It is 5:29, Wednesday, August 31, 2005. i just got my power back on 2 hours ago. I am in Mobile Alabama and have lived through Hurricane Katrina.

The storm didn't seem that bad here, but I slept through a bit of it. But then I saw the pictures of the shrimp boats pushed hundreds of yards on land, the Island is almost gone and I can't even comprehend what is happening to my New Orleans.
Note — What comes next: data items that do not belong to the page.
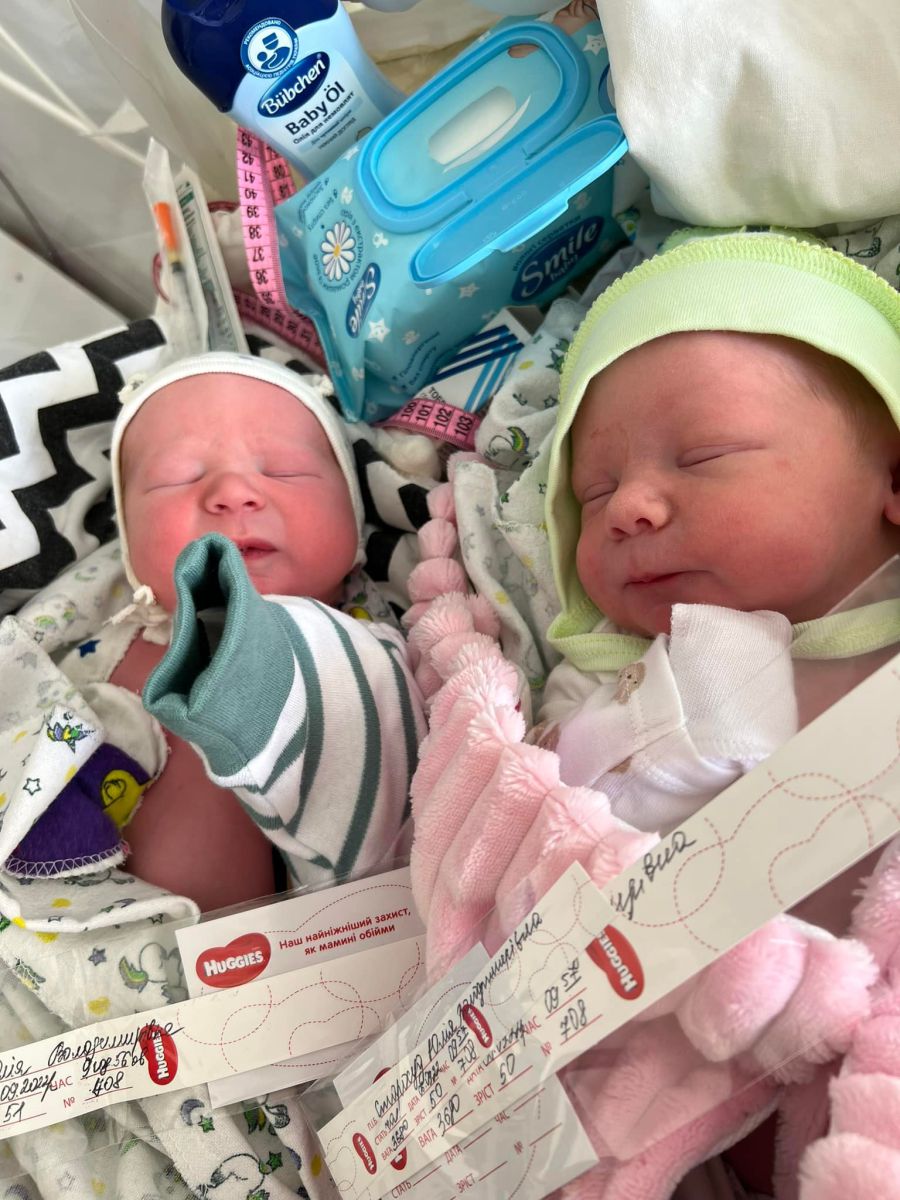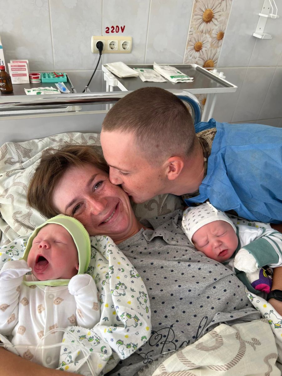 "Щирі вітанні військовому 128 ОГШБр ЗСУ Старосуду Миколі та Юлії з Студінки з народженням двійнят — Сергія 3400 г та Євгена 3680 г", — пишуть калуські медики.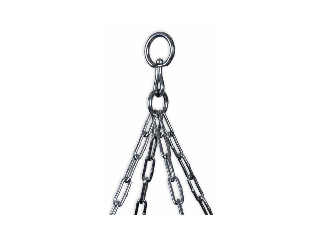 Všechny čtyři svařované řetězy jsou připevněny k trojúhelníkovým držákům, které zajišťují mnohem rovnoměrnější rozložení váhy pytle než běžné kulaté úchyty. Tyto držáky jsou napojené na široké nylonové popruhy s maximální nosností až 300 kg na každý.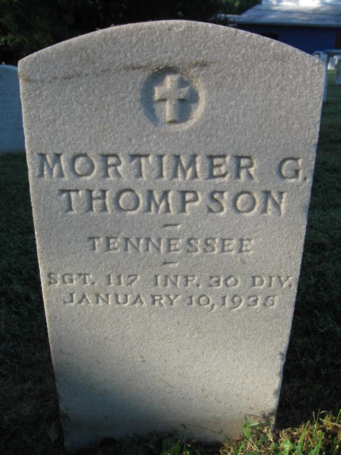 Mortimer Grinnell Thompson was born on December 29th, 1897 (other sources say 1887) to C. Mortimer and Hattie C. Thompson in Knoxville, Tennessee.  He entered Federal service on May 21st, 1917 and eventually ended up as Sgt. with the 117th Infantry Regiment of the 30th Division. At this time, I can’t find much about his military service other than the basic facts.  With some more in-depth searching I may be able to elucidate some aspects of his service that have been all but forgotten over the past (nearly) 100 years.  He married after the war to a Celeste P. Condon and had at least two children named Mortimer G. Thompson Jr. and Harriet A. Thompson in the late 1920s.  Mort is listed as a painting contractor.

My heart is broken over Louisiana. I lived in New orleans when I was 17 until I was 21 or so, I lived there after running away from an abusive home life and she embraced me with no judgement. She sustained me, nurtured me, grew me up. She taught me some of the most valuable lessons I will ever know in my life and she loved me. I loved her back. I cannot tell you what that city meant to me at that time in my life. It was such a turning point, and I will never forget the nights in the bayous, sitting at porclean kitchen tables playing cards and drinking. No noise, just quiet sounds of bayou creatures, the slamming of a screen door when a friend or relative came in, the creak of boards in the floor, laughter and cajun accents.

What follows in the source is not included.